● DATA BLOCK

□ □ □ □ □

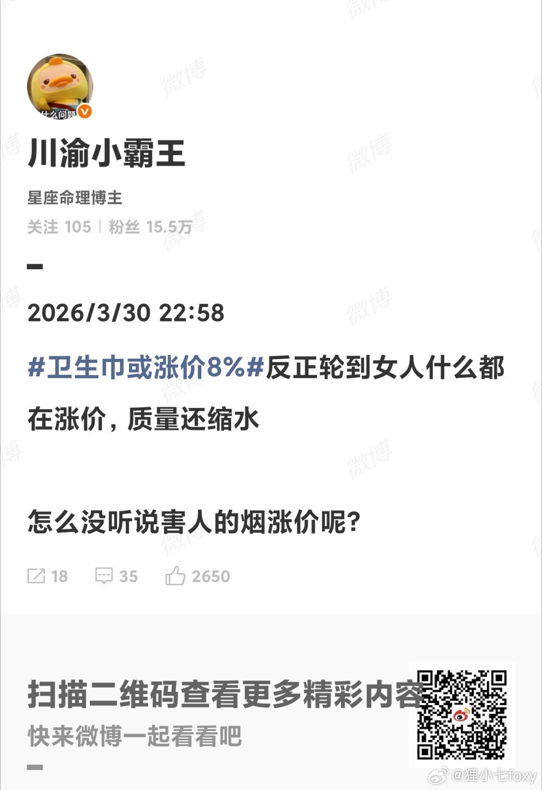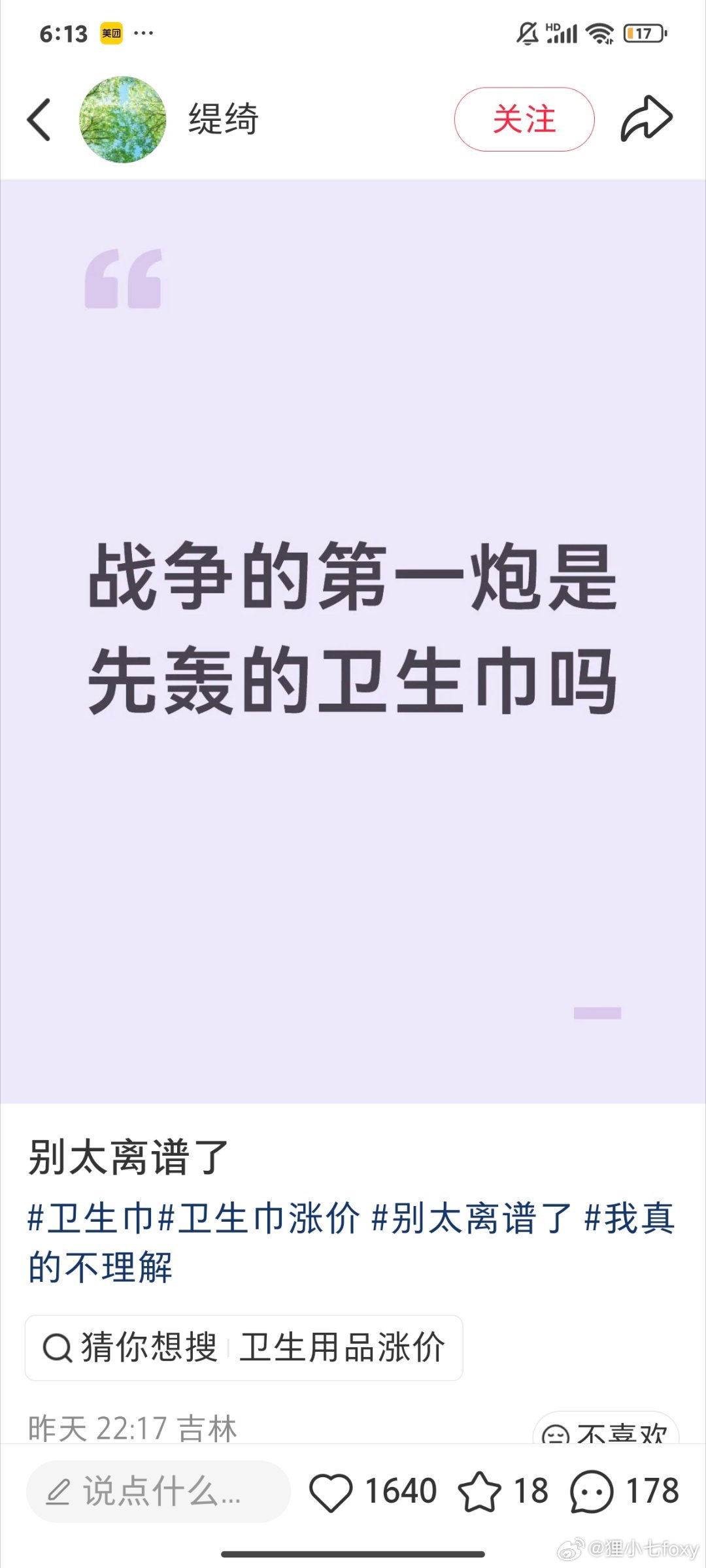 真的什么神人都有,战争的第一炮轰的是人命,最大的受害者是交战区的平民,不是你的卫生巾。卫生巾涨价也是受战争客观影响,拿自己的消费涨价碰瓷战火里的苦难,这都不能简单说是精致利己主义了,毫无人性,连一个完整的人都算不上 类似的发言其实还真不少,战区的平民在遭受惊恐和死亡,她们的眼里只有为消费品多花的那仨瓜俩枣。
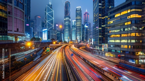 © theerachai, Obraz premium Cityscape Night Traffic Lights Trails Skyscrapers Highway
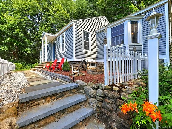 Pride of Ownership Abounds in the cozy ranch nestled on 1.10 private acres! Main level boasts living room appointed with fireplace and beamed ceilings, dining room with built in cabinets and raised panel and crown moldings, tastefully remodeled kitchen featuring stainless appliances and granite counter tops, primary bedroom with full bath offering tiled walk in shower, second full remodeled bath and two additional bedrooms complete this level. The lower level offers den, and spacious storage area. Additional amenities include gleaming hardwood flooring thru out the main level, custom trim work, replacement windows, newer architectural roof and detached garage!

□ □ □ □ □

● PROBLEM REQUIREMENTS
Word for word, restate the lines from the first line of the material through the line containing "Trails Skyscrapers Highway", with the pictures left out.

● FINISHED EXERCISE
 真的什么神人都有,战争的第一炮轰的是人命,最大的受害者是交战区的平民,不是你的卫生巾。卫生巾涨价也是受战争客观影响,拿自己的消费涨价碰瓷战火里的苦难,这都不能简单说是精致利己主义了,毫无人性,连一个完整的人都算不上 类似的发言其实还真不少,战区的平民在遭受惊恐和死亡,她们的眼里只有为消费品多花的那仨瓜俩枣。
 © theerachai, Obraz premium Cityscape Night Traffic Lights Trails Skyscrapers Highway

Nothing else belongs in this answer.